- **PROBLEM TO WORK ON**:
From the listing below, please restate exactly the lines beginning at the one with "2 Pack Shell" and ending at the one with "A 13' square", both included, and skip the pictures.

------ GIVEN DATA ------

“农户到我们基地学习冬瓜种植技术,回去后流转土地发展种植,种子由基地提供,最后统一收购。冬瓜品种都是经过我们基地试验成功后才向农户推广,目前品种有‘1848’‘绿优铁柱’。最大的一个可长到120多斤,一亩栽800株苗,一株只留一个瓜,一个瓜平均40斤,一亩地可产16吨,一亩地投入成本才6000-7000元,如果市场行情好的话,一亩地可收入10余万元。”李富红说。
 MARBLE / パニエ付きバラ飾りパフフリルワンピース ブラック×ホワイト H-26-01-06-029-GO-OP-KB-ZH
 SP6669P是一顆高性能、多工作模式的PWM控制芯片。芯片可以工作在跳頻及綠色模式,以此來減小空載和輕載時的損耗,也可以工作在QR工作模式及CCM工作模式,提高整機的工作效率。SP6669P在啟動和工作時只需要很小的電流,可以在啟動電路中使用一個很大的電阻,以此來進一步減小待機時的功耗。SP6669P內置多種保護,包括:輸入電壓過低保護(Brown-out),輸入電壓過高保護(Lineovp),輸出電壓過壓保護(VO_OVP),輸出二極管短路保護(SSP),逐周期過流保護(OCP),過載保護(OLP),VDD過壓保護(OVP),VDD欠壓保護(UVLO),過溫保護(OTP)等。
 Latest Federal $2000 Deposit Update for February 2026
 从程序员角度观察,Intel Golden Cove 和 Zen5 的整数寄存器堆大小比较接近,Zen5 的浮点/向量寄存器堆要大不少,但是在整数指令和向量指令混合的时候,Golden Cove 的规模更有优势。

------
------ GIVEN DATA ------

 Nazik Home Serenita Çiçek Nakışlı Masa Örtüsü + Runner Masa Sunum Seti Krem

------
------ GIVEN DATA ------

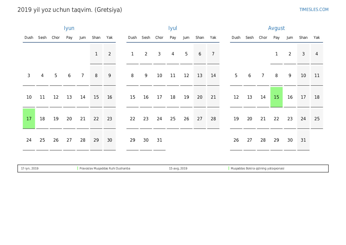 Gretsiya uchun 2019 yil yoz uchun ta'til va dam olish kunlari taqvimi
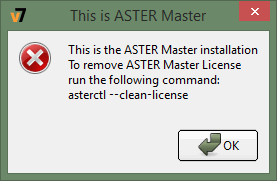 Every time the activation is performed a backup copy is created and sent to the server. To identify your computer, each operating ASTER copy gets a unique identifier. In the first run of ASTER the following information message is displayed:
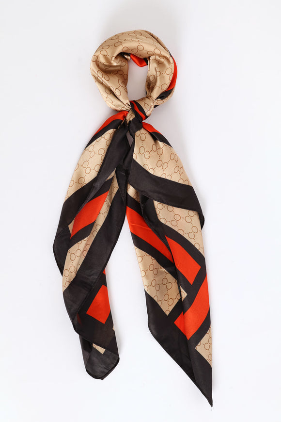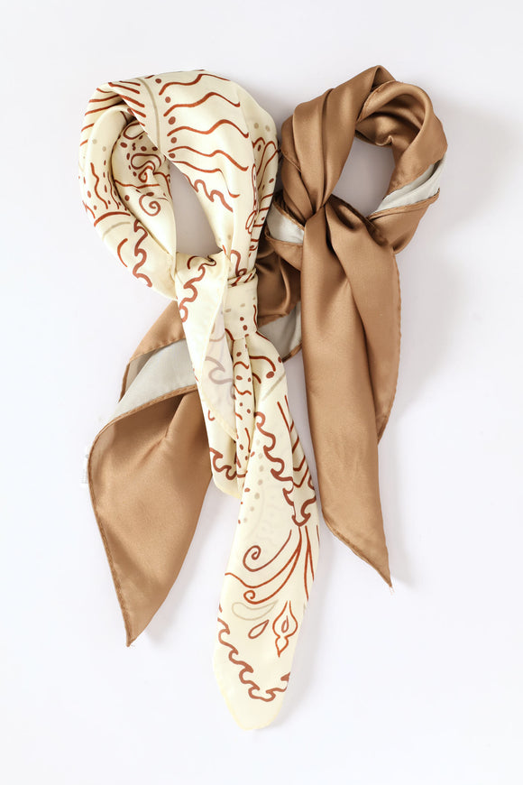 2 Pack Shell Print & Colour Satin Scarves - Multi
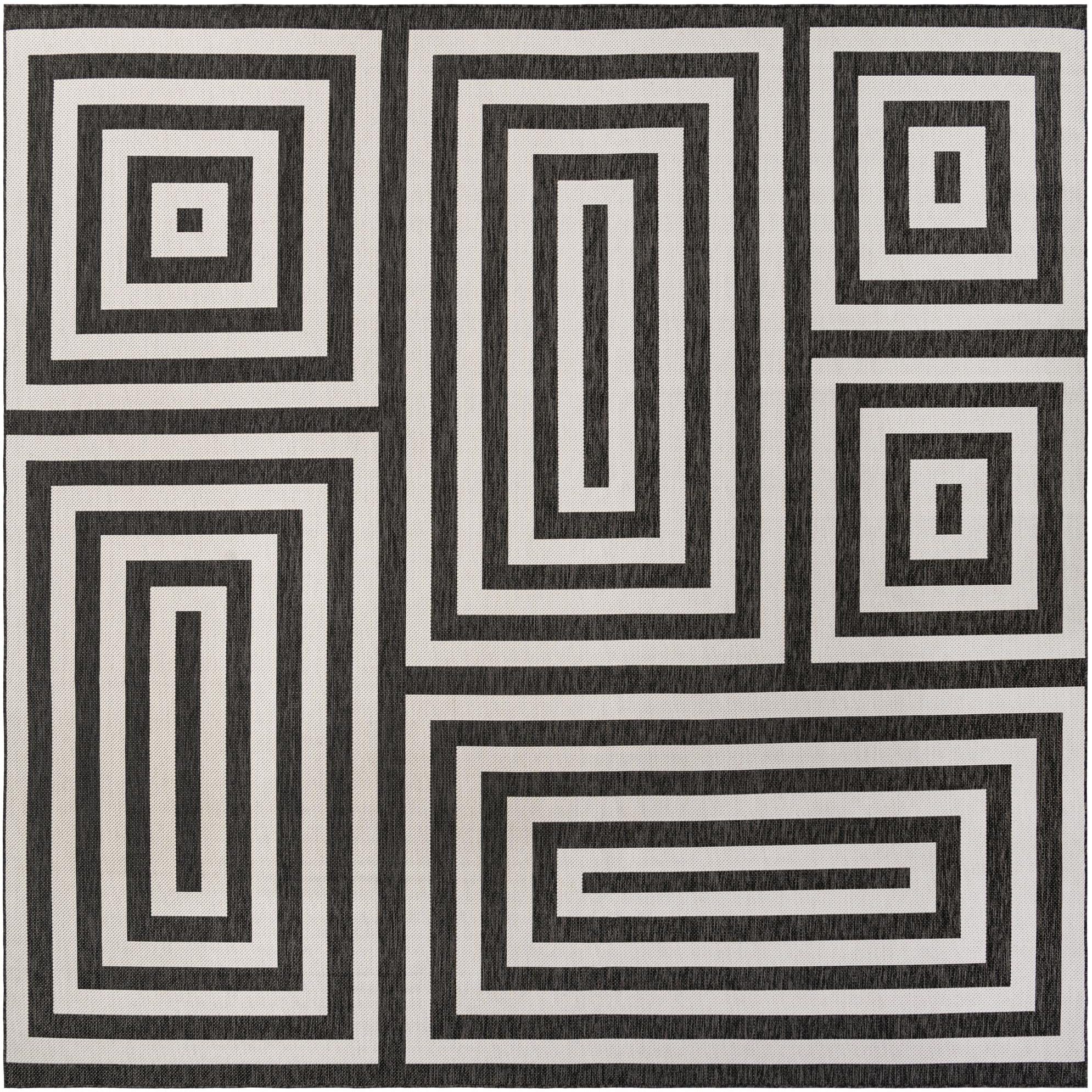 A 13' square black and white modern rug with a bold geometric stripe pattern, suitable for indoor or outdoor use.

------

- **WRITTEN RESPONSE**:
 2 Pack Shell Print & Colour Satin Scarves - Multi
 A 13' square black and white modern rug with a bold geometric stripe pattern, suitable for indoor or outdoor use.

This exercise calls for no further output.